La disertora Beneforti Barbara   -  Iacobellieditore, 2016  -  I Leggendari

A volte le cose fatte per rimedio riescono meglio di quelle fatte per volontà. E infatti, quando l'Ersilia, bella come il sole, si ritrova incinta di un certo Giobatta e scopre che lui è già sposato, accetta di diventare la moglie del fratello Ferruccio e tutto va per il meglio. Così nasce Luce che, con quel suo nome di cosa e non di persona, cresce nella grande famiglia con un branco di fratelli per metà cugini. Ed è lei, quasi settanta anni dopo, a ritessere i fili della memoria di quella famiglia e di quel paese del pistoiese, quando la Toscana era ancora un Granducato.

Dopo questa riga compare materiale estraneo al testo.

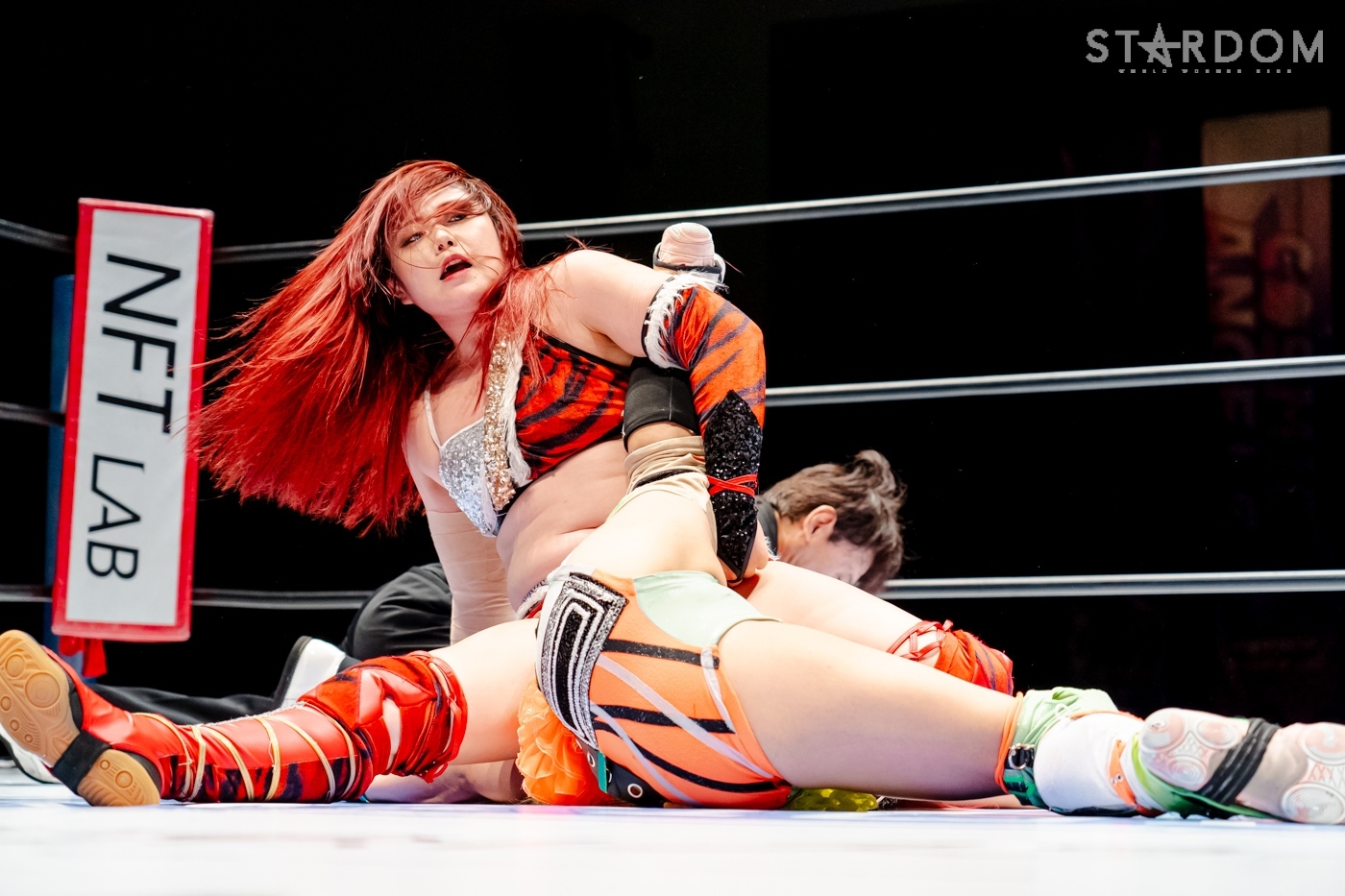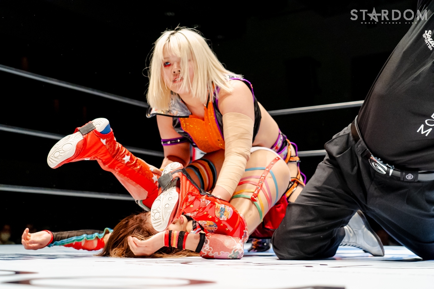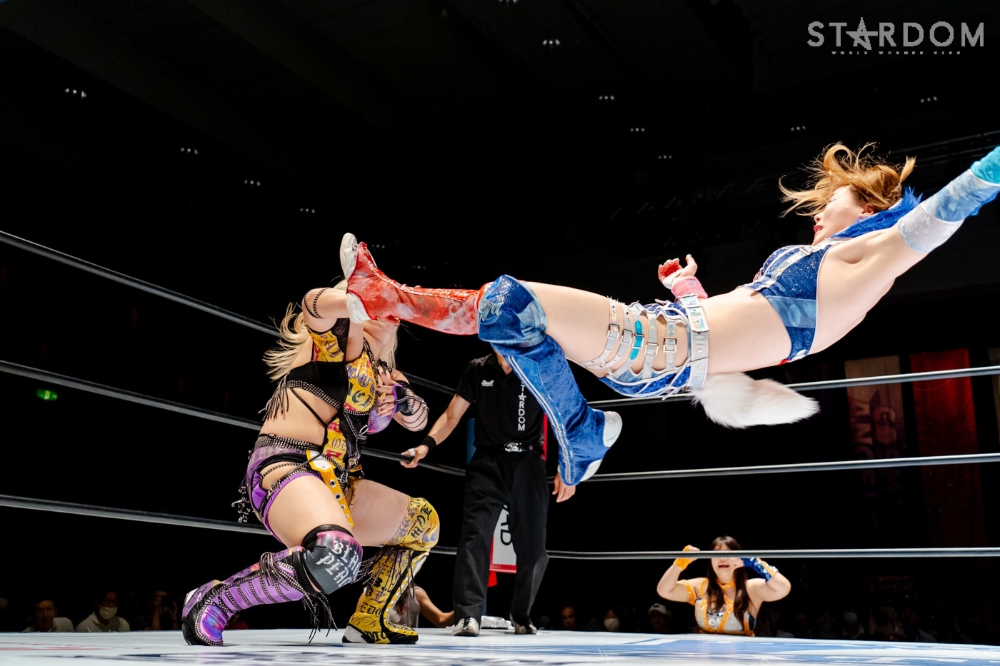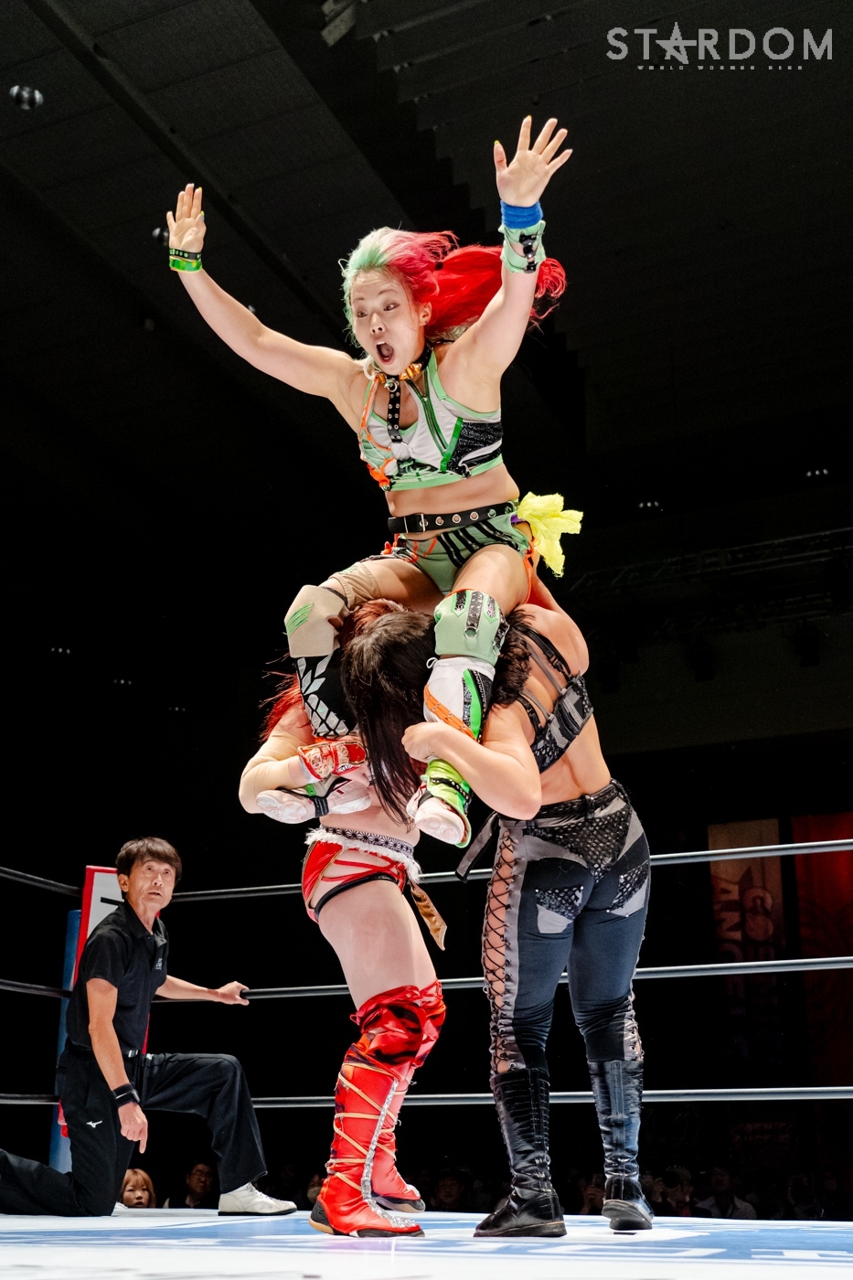 星来がジーナを呼ぶように先発に指名。ジーナがヘッドロック、ロープに振りトリッキーなムーブを見せ、星来のドロップキックをかわして睨み合う。星来が「アクシュー」と手を差し出すが、ジーナが蹴りを入れる。ロープへの振り合いでどちらも譲らないと、ジーナがエルボー、ドロップキック。月山がジーナと合体し、連係で星来に攻撃。月山はヒップバットの連打を星来に浴びせる。ジーナが星来にブレーンバスター。2発目を星来がこらえて足を踏みつけネックブリーカー。キッドがジーナにコルバタ。ダイビングボディーアタックをジーナがキャッチ。キッドがこらえてマットに叩きつける。キッドは星来とダブルのドロップキックで月山を排除、キッドがジーナにその場跳びムーンサルト。ジーナが返してトラースキック。キッドがラリアットをかわすが、ジーナがアームホイップ、トラースキック。返したキッドがジーナのチョップをかわし「ノーチョップ」を主張。チョップを打ってくるジーナにキッドが「やめろって言ってんだろ!」とチョップをやり返す。月山がキッドに串刺しヒップアタック、クロスボディー。星来が月山を捕獲し、串刺しラリアット、「痔になれ!」とヒップを蹴り上げる。しかし、ジーナのアシストを得て月山が星来にヒップアタック連打。極楽ドン狙いを星来が切り返し、ドロップキック。ジーナがカットし、星来に高速で旋回式サイドスラム、月山が極楽ドンを決める。しかし、キッドがカットする。月山は星来を起こしてムーンライトドリーム狙い。星来がこらえると、カウンターで丸め込み。キッドの619から星来が丸め込むと、月山がフォールを奪われた。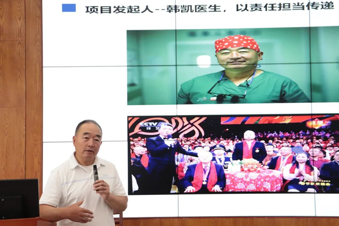 讲座伊始,韩医生以视频《“母亲微笑”三十年患者的故事》为切入点,向同学们阐述了他的慈善经历:从留学期间,以医疗志愿者的身份参与一项为面部残缺患者免费手术的公益活动,到上个世纪90 年代将“国际微笑行动组织”引进国内,从开始的公益小团队,到最后发展成拥有数以千计的医疗志愿者和数以万计的非医疗志愿者的慈善组织,韩医生将自己最美好的时光都奉献给了医学事业。

Per i contadini analfabeti la miseria era la stessa, allora come quando l'Italia si riunisce sotto il Re piemontese: sono loro i primi a essere chiamati per la leva obbligatoria, cinque anni di assenza dai campi che potevano significare la rovina. E per i renitenti non c'era scampo se non l'automutilazione o la fuga. Ora che le ombre minacciose della prima guerra mondiale incombono sul paese e sui suoi nipoti, la vecchia Luce ricorda il suo amante di gioventù, Vittorio detto il Tacca, che contadino non era voluto restare e a quella "guerra dei signori" non aveva voluto partecipare. Lei aveva fatto il possibile e l'impossibile per salvarlo - e di stupro allora ancora non si parlava, se ne moriva, a volte. Aveva sottratto un disertore alle autorità e più che altro si sentiva lei stessa una disertora, perché se i potenti ascoltassero le donne di guerre non se ne farebbero e non se ne sarebbero mai fatte, e gli uomini non sarebbero andati a morire.